Book Review #40: The Sense of an Ending by Julian Barnes

6 Jul

The Sense of an Ending is a story about memory. The book has a simple premise: the narrator tells us about events that happened in his life roughly while they are happening. And then, many years later, while in his 60s, the narrator revisits those memories – adding in what he forgot, embellishing, and seeking out the truth about the gaps in his knowledge.

The idea of the book itself is fascinating. Memories really do change over time. Sometimes, as time goes on, you look back on certain events and re-imagine them happier. Or re-imagine them as more tragic. Or assign them a meaning or significance that only becomes apparent as you get older and you start to learn more about yourself.

The events the narrator imagines are simple – his first girlfriend, his broken heart, her betrayal, his best friend’s oddities and the slow disintegration of their friendship. It’s also a very poignant look at how we overlook what our actions mean to others because we’re too focused on ourselves. One statement, one small action that we disregard and never think of again can change the course of someone else’s life. It might be the very action they fix on in their old age, wondering what could have been or what would have been.

It’s a quick read, and if you’re interested in a beautifully written look at how we remember and how we process the stories of our lives, it’s worth a look.
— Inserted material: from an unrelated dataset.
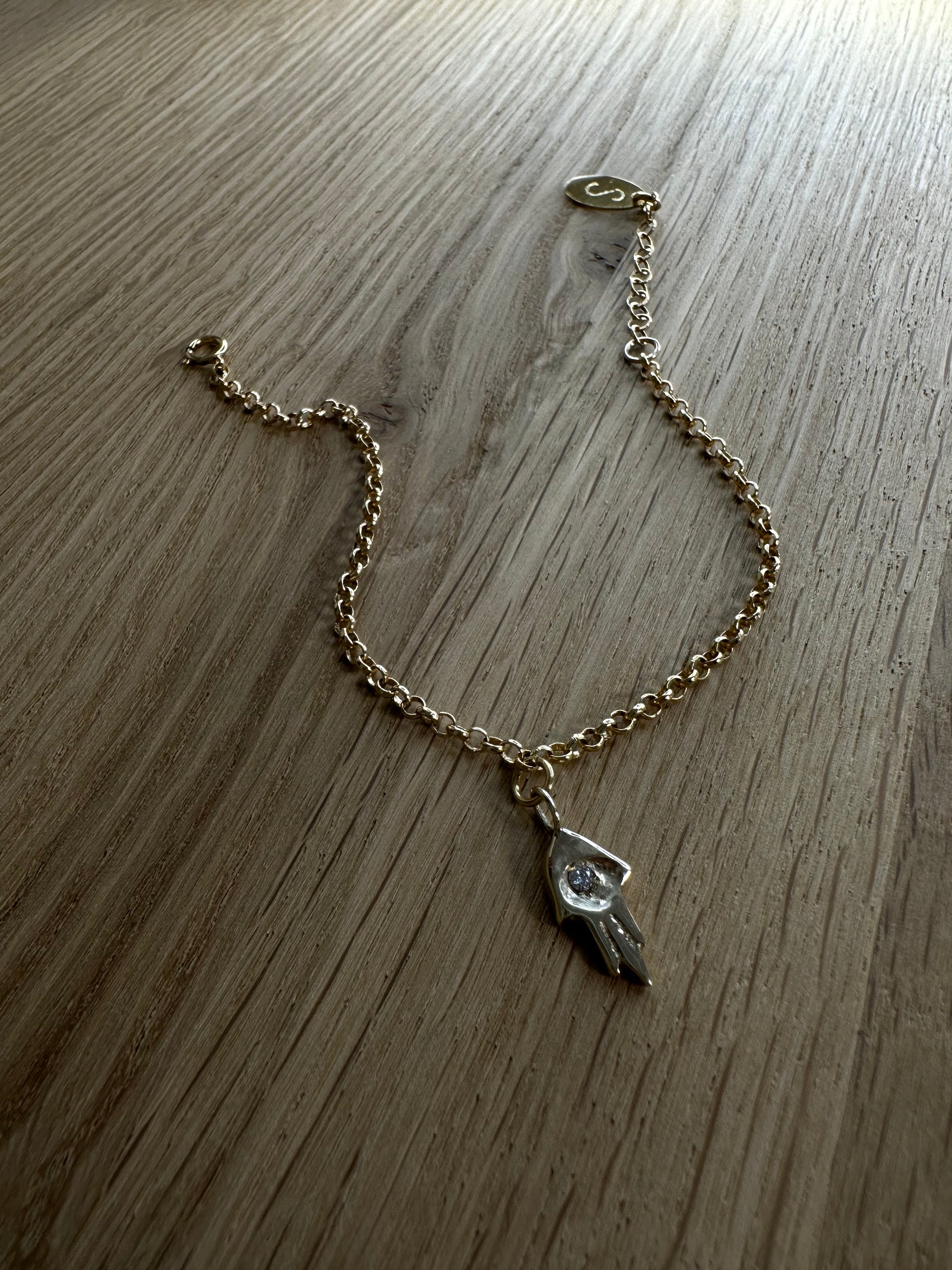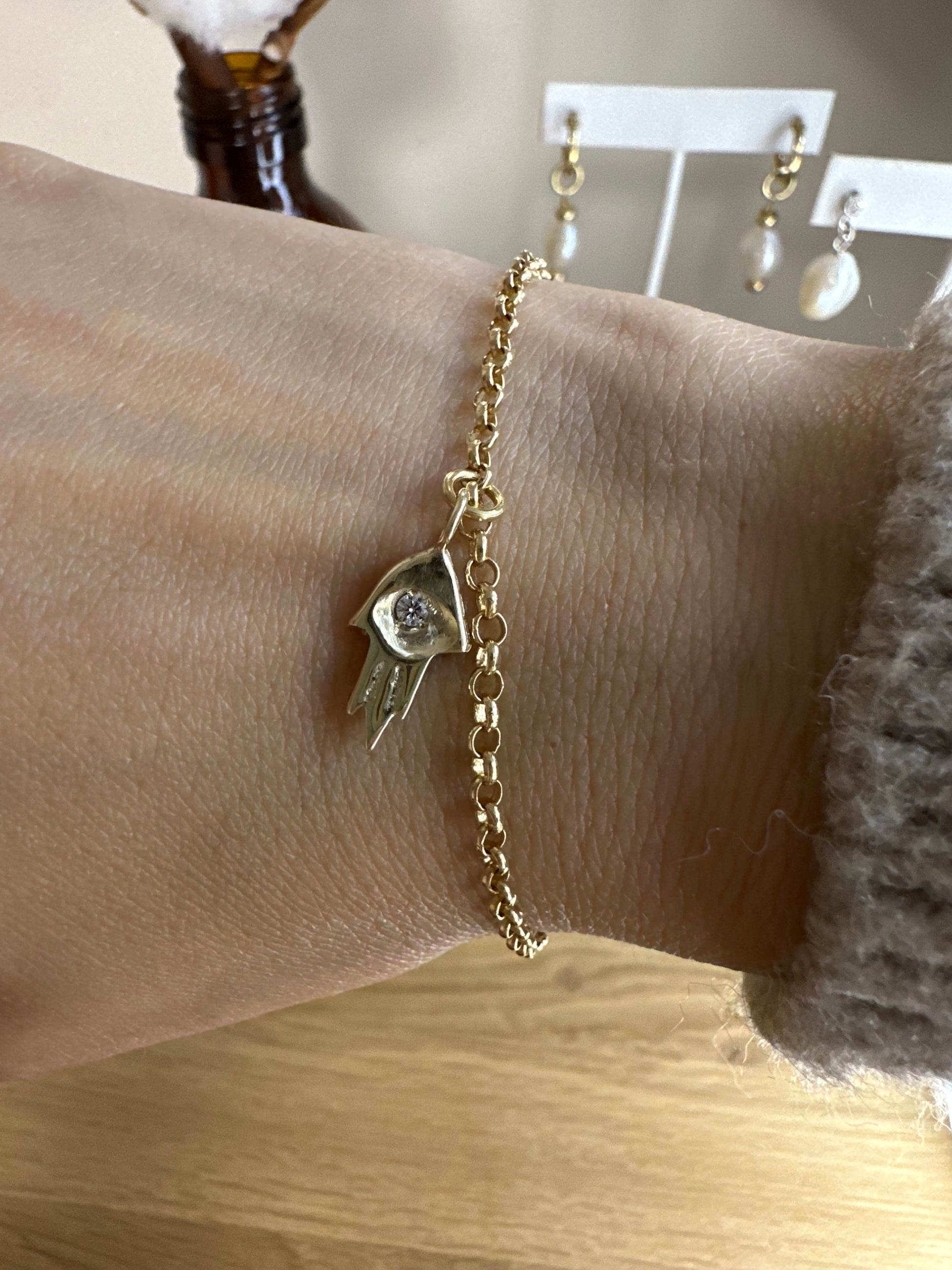 צמיד עדין וקלאסי, עשוי כולו זהב צהוב 14 קראט, עם תליון חמסה במרכז משובץ יהלום במרכז.

One Response to “Book Review #40: The Sense of an Ending by Julian Barnes”


  1. HelloKatieO’s #CBR4 Review 40: The Sense of an Ending by Julian Barnes « Cannonball Read IV - July 6, 2012

    […] For more… Share this:ShareTwitterFacebookEmailDiggStumbleUpon Posted by HelloKatieO in 4 stars – a great book and tagged books, CBR4, drama, hellokatieo, Julian Barnes, literature, memory, The Sense of an Ending […]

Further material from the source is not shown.